1 :2020/06/06(土) 12:12:58 ID:frPDL83m9.net
北海道新聞
「私たちは見捨てられている」
タイの性風俗従事者が苦境 森でテント暮らしも 客が消え生活困窮
新型コロナの感染が拡大する前のタイの歓楽街。大勢の外国人客でにぎわっていた=1月、バンコク(中川明紀撮影)
【バンコク森奈津子】新型コロナウイルスの感染拡大を防止するため大規模な行動制限措置がとられたタイで、経済支援の網から漏れた生活困窮者たちがいる。その一つが売春で生計を立てている人たち。国連の推計で国内に30万人いるとされ、観光産業を影で支えてきた存在だが、家賃が払えず森の中で共同生活をして飢えをしのぐ人もいるなど苦境に立たされている。

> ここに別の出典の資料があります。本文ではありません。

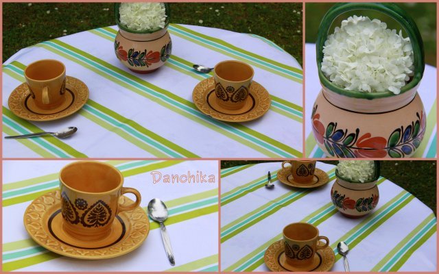 Въпреки това, Данчика,  си спретнала две невероятни градински маси. Особено синята е върхът, колкото пъти вляза толкова пъти се спирам на нея. Направих си труда да ти преброя сервизите (ти каза, че имаш само два броя)-само на последните няколко страници от темата преброих четири. Ще проверя и Тупарова за бройката, че нещо ме съмнява и тя да има само два сервиза.
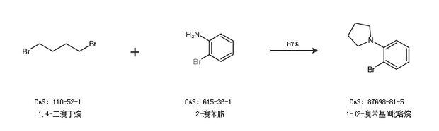 2.通过1,4-二溴丁烷和2-溴苯胺合成1-(2-溴苯基)吡咯烷,收率约87%;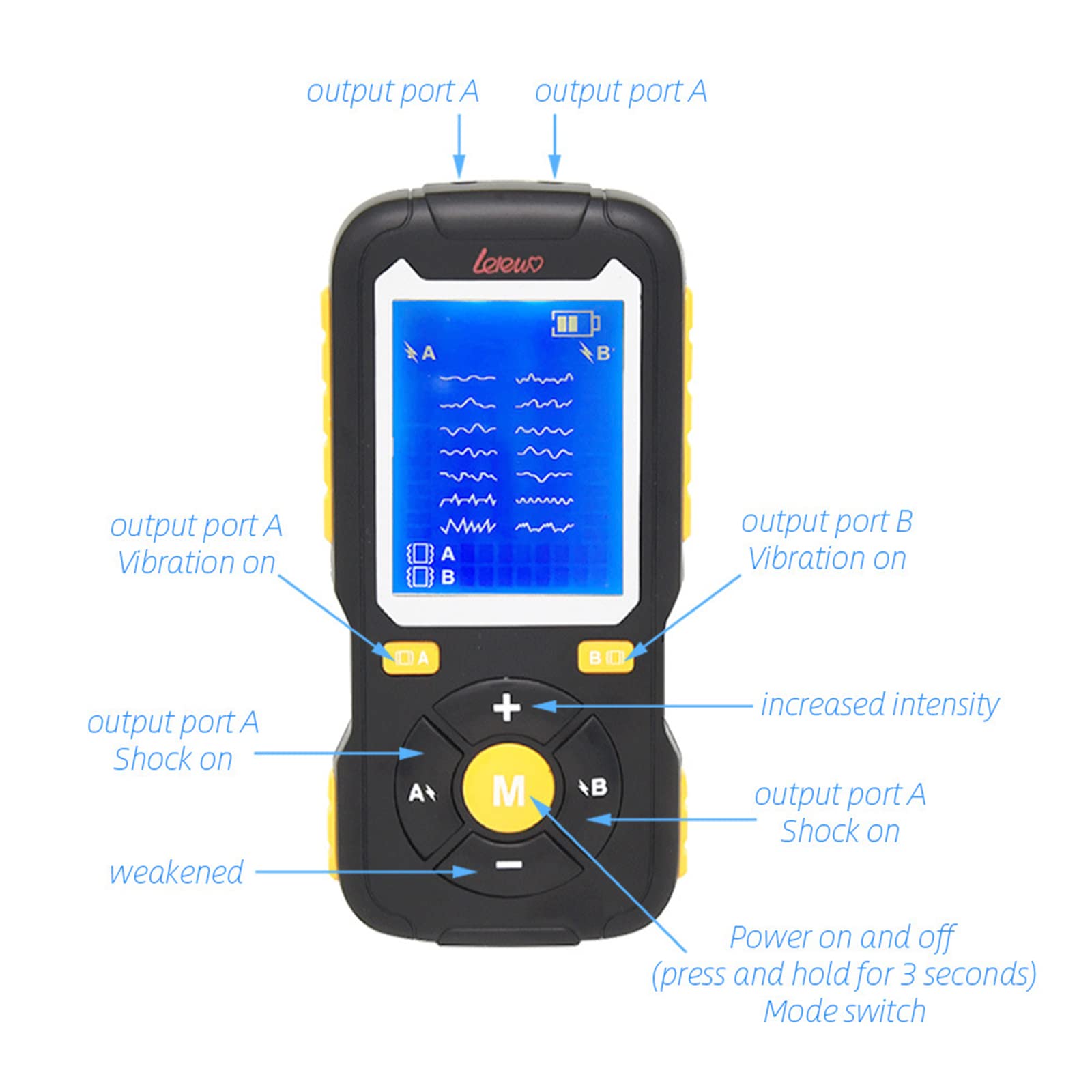Dual-channel control (A/B outputs) allows independent stimulation to two zones.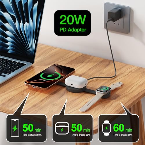【Excellent Warranty and Customer Service】 You’re going to receive a (2025)3-in-1 charging station with Mag-Secure, a PD20W charger, a1 meter type-c charging cable ,OUOTOO pays attention to quality issues and ensures that the magnetic suction wireless charger you receive has undergone a series of quality testing processes, Enjoy peace of mind with our 3 years limited warranty, ensuring you won’t worry about returns. If needed, we can provide solutions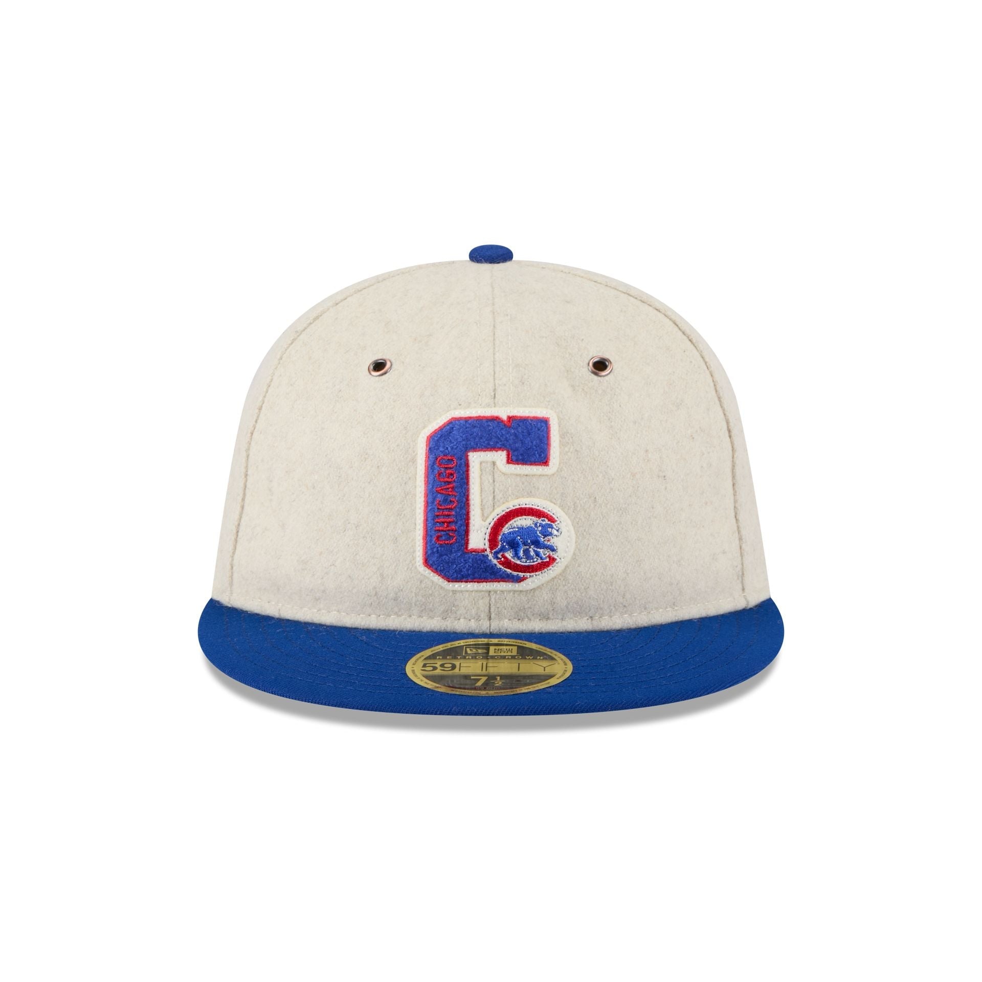The Chicago Cubs Wool Letterman Retro Crown 59FIFTY Fitted Cap features an embroidered loop Cubs logo at the front panels and an additional logo at the rear. Additional details include a wool fabrication throughout the cap and a gray undervisor.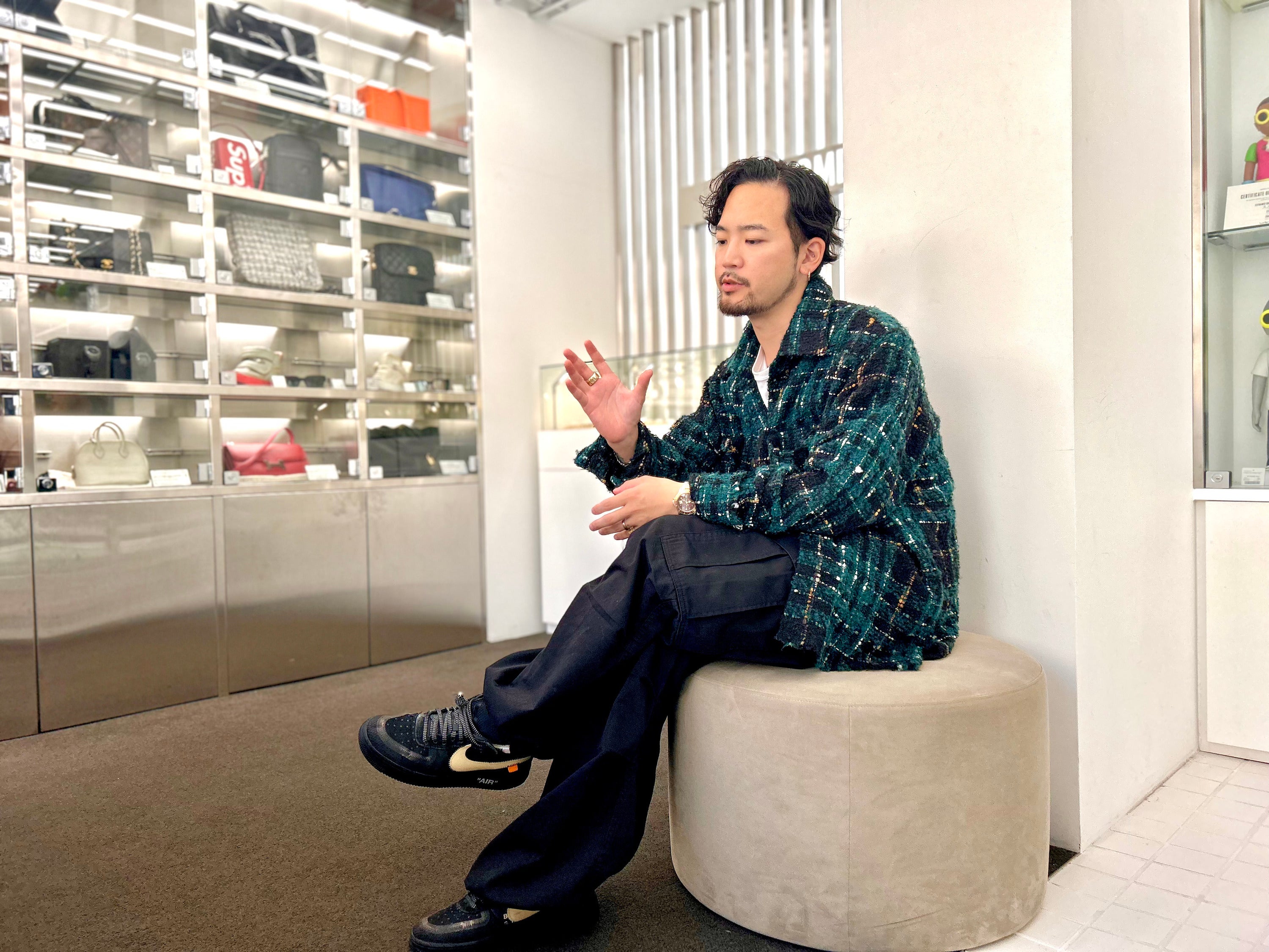 現在はgoro'sとCHROME HEARTSをメインとしたアクセサリーリユース販売店舗「OneStyle」と稀少価値を放つ、高級ブランドや激レアアイテムの一生モノと巡り合えるプレミアムアイテム専門店「AWESOME」にてマネージャーとして勤務。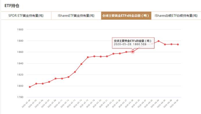 截至2020年6月9日,全球8大黄金TF持仓总量为1873.6吨,与上一交易日减少0.277吨。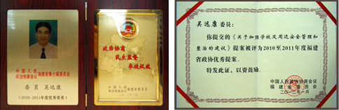 2012年1月15日,在福建省政協(xié)十屆五次會(huì)議上,三遠(yuǎn)集團(tuán)董事長(zhǎng)、總裁吳遠(yuǎn)康委員當(dāng)選“2010-2011年度福建省政協(xié)優(yōu)秀委員”,其提交的《關(guān)于加強(qiáng)學(xué)校及周邊安全管理和整治的建議》榮獲2010-2011年度福建省政協(xié)優(yōu)秀提案。 長(zhǎng)期以來,擔(dān)任福建省政協(xié)僑聯(lián)界委員的集團(tuán)董事長(zhǎng)、總裁吳遠(yuǎn)康先生,積極貫徹省委、省政府《關(guān)于進(jìn)一步加強(qiáng)和改進(jìn)新形勢(shì)下僑聯(lián)工作的意見》等文件精神,認(rèn)真履行政協(xié)委員職能,大力推進(jìn)省政協(xié)關(guān)于政治協(xié)商、民主監(jiān)督、參政議政職能的制度化、規(guī)范化、程序化建設(shè),為凝聚僑心、匯集僑智、發(fā)揮僑力、維護(hù)僑益等各項(xiàng)工作的有利開展做出了突出貢獻(xiàn)。 集團(tuán)董事長(zhǎng)、總裁吳遠(yuǎn)康先生當(dāng)選2010-2011年度福建省政協(xié)優(yōu)秀委員,其《關(guān)于加強(qiáng)學(xué)校及周邊安全管理和整治的建議》榮獲2010-2011年度福建省政協(xié)優(yōu)秀提案

「私たちの存在は無視され、見捨てられている。国籍を持たない少数民族や外国人などの同業者は行き場はなく、今も森で生活を続けている」。タイ中部のリゾート地パタヤ近くの森に最近まで暮らしていたムックさん(29)=仮名=は淡々と語った。
経済発展が遅れているタイ東北部出身のシングルマザー。子供を預けた両親へ仕送りは欠かせず、家賃を節約するため、以前から同業の仲間約20人とパタヤ周辺の森の中で生活してきた。トタンにビニールシートをかけた簡易な小屋で寝泊まりし、夜になると歓楽街の路上で客を探す。ベトナム戦争時に米軍の保養地だったパタヤは今も欧米や日本からの観光客に人気が高く、ムックさんの客も7割超が外国人だったが、新型コロナの感染拡大で生活は一気に厳しさを増した。
2月下旬、地方行政機関が「集団感染を生みかねない」と懸念し、森から追い出された。一時はアパートの一室を借り商売を続けたが、3月中旬以降にナイトクラブやホテルが相次ぎ閉鎖。外国人の入国禁止で客はほぼゼロになり、家賃も払えず、再び森へ戻った。
売春する人たちの支援団体「スイング」が、食糧やドーム形テントを支給するなど支援に乗り出したが、4月下旬には警察によって再び強制的に森から排除された。ムックさんは今、同業者が住むアパートに居候するが、行き場がなく今も森で暮らす人が数多くいるという。
「政府は見て見ぬふり」
タイ政府は、新型コロナの影響による生活困窮者の救済策として、失業保険がない自営業者や非正規労働者を対象に月5千バーツ(約1万7千円)を支給する。しかし、売春はタイでも非合法で、雇用の証明もできず、ほとんどが受給資格を得られない。
支援団体の設立者でもある、タマサート大のチャリダポーン准教授(政治学)は「多くは家族を養わねばならず、貧困から抜け出すには仕事の選択肢は少ない。ある意味でタイの観光業を支えてきたのに保障はなく、政府は見て見ぬふりをしている」と批判する。